━━━ Supplied information ━━━
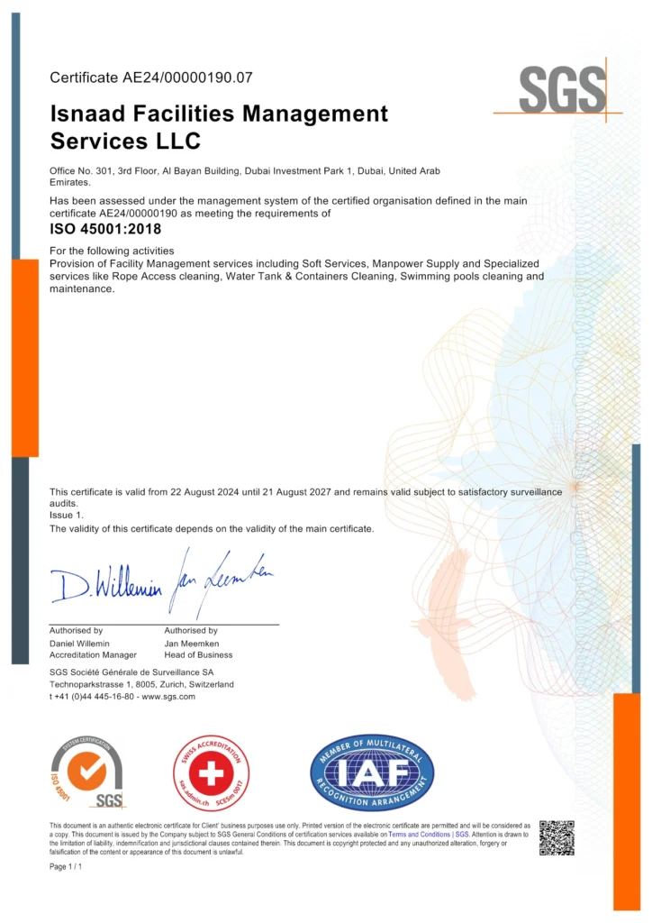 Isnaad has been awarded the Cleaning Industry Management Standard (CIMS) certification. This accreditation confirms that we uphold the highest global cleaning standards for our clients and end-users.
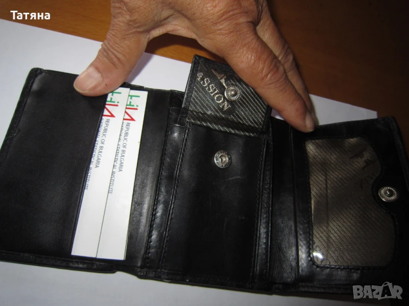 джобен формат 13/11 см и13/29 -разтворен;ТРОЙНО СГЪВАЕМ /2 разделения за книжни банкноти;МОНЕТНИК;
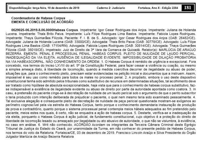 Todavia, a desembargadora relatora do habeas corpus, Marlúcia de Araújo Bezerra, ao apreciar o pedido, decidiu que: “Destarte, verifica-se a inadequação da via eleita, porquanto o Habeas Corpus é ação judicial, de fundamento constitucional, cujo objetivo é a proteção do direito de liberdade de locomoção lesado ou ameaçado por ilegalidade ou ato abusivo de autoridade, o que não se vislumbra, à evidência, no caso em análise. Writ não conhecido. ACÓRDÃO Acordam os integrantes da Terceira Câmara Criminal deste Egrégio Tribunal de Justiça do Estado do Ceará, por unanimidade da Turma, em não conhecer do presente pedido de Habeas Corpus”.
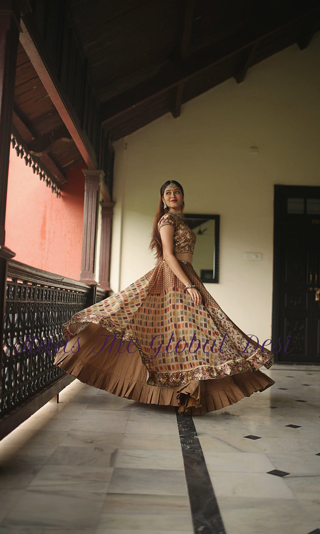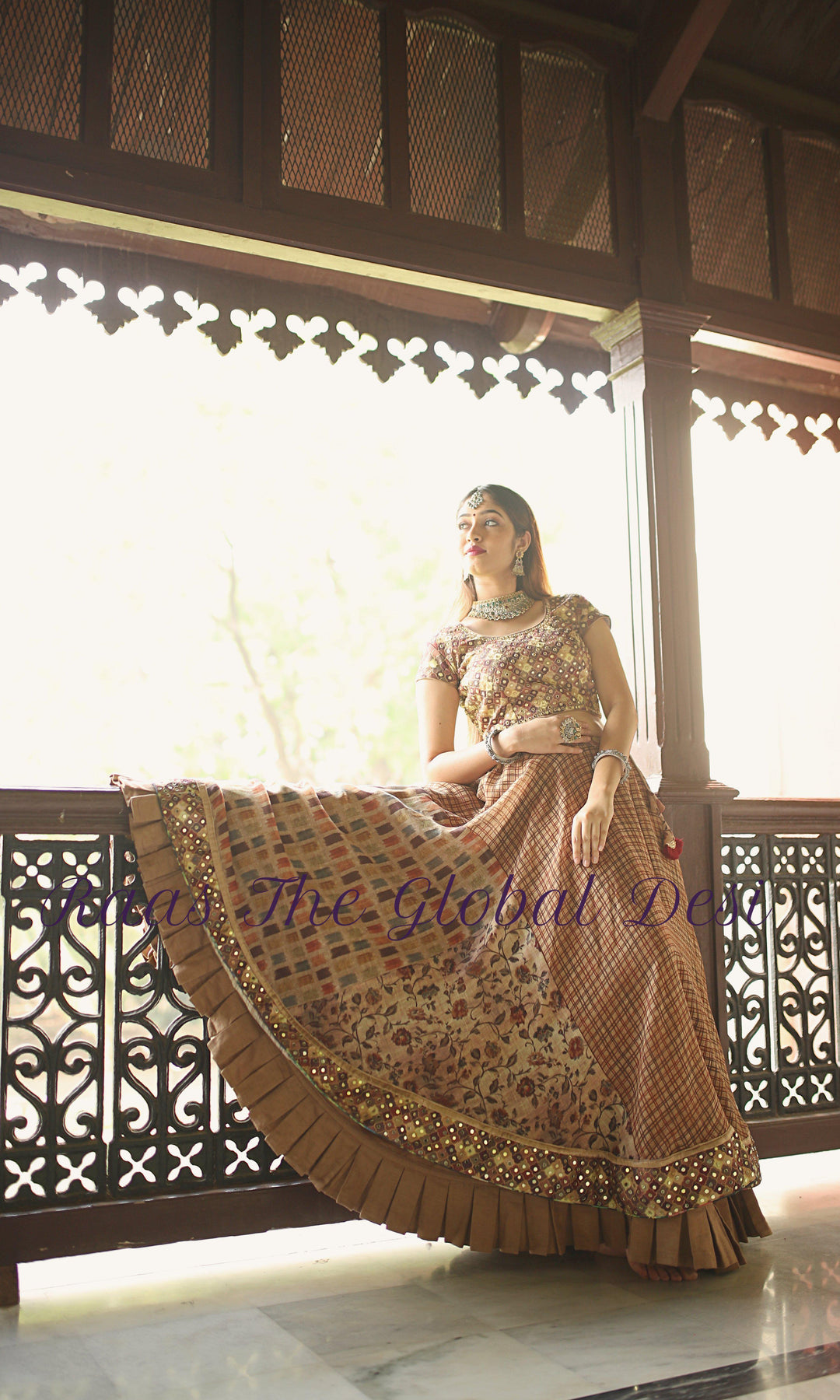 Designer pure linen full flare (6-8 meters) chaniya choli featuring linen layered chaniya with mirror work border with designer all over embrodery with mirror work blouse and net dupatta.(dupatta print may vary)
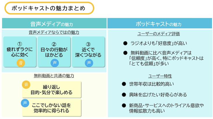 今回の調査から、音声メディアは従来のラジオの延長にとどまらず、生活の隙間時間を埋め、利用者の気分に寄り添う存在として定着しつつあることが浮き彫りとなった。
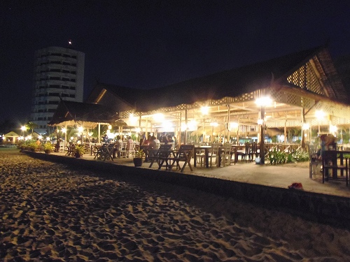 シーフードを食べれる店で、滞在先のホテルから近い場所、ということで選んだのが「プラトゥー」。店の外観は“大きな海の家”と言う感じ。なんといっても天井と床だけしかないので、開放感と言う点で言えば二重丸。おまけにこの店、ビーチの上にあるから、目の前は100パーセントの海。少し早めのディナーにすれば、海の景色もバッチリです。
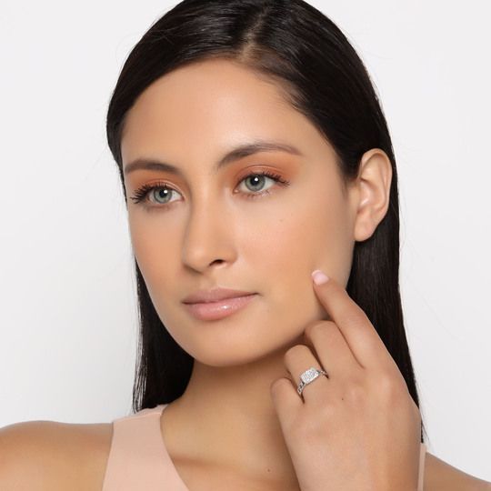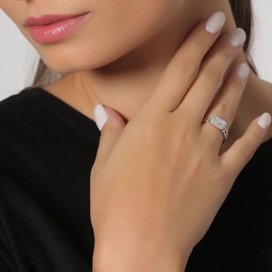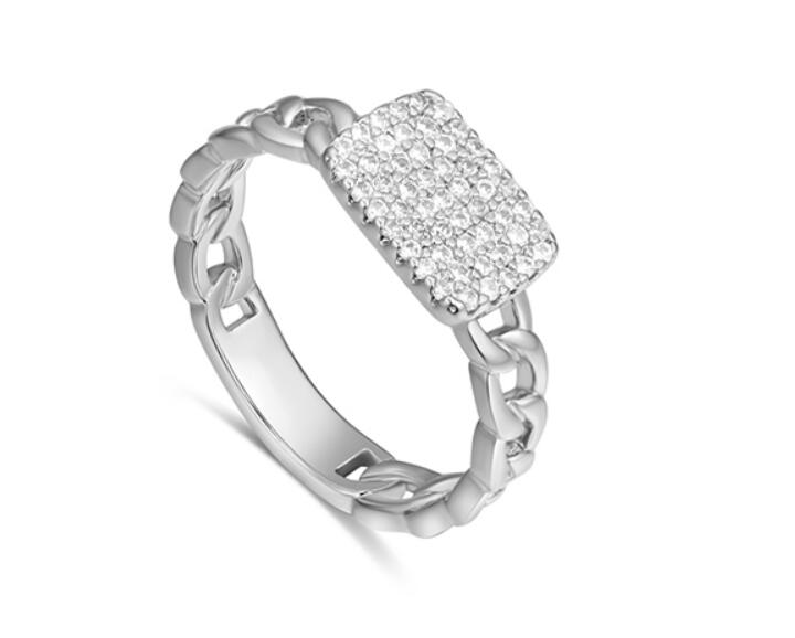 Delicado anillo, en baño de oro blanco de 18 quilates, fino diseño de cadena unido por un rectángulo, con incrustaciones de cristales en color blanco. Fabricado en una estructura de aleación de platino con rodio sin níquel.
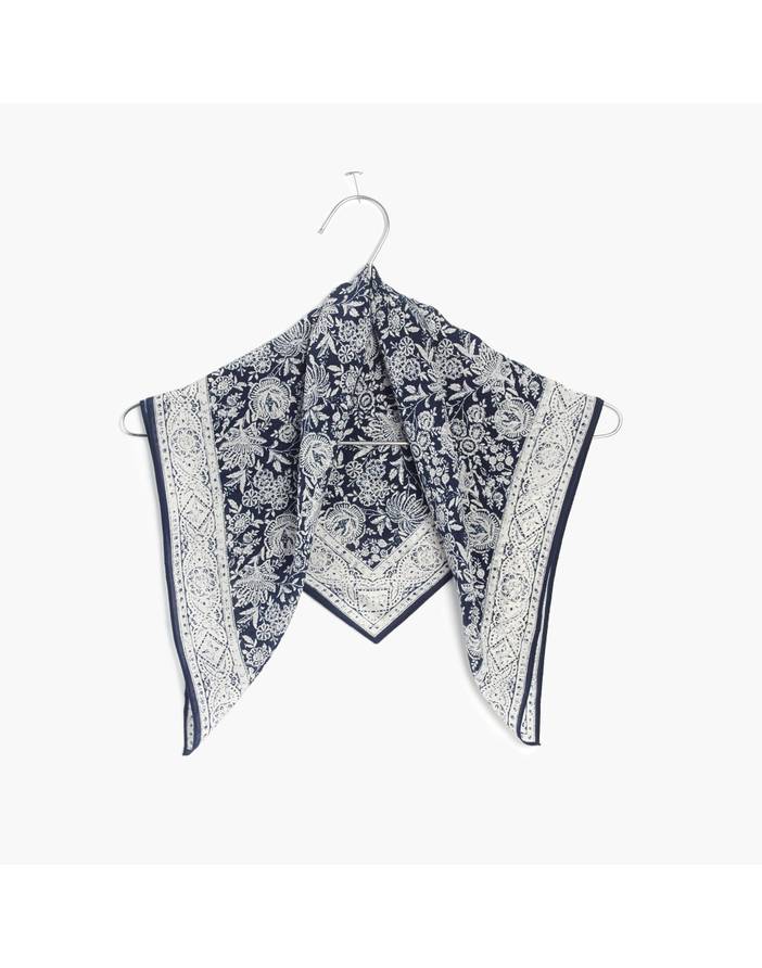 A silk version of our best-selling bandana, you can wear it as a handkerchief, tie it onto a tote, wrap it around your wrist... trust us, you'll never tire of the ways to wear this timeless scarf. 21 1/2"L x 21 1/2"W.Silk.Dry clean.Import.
━━━
**Activity**
Output must match the lines from the start of the records above through the line that contains "джобен формат 13/11", exactly and with every picture removed.

**Task result**
 Isnaad has been awarded the Cleaning Industry Management Standard (CIMS) certification. This accreditation confirms that we uphold the highest global cleaning standards for our clients and end-users.
 джобен формат 13/11 см и13/29 -разтворен;ТРОЙНО СГЪВАЕМ /2 разделения за книжни банкноти;МОНЕТНИК;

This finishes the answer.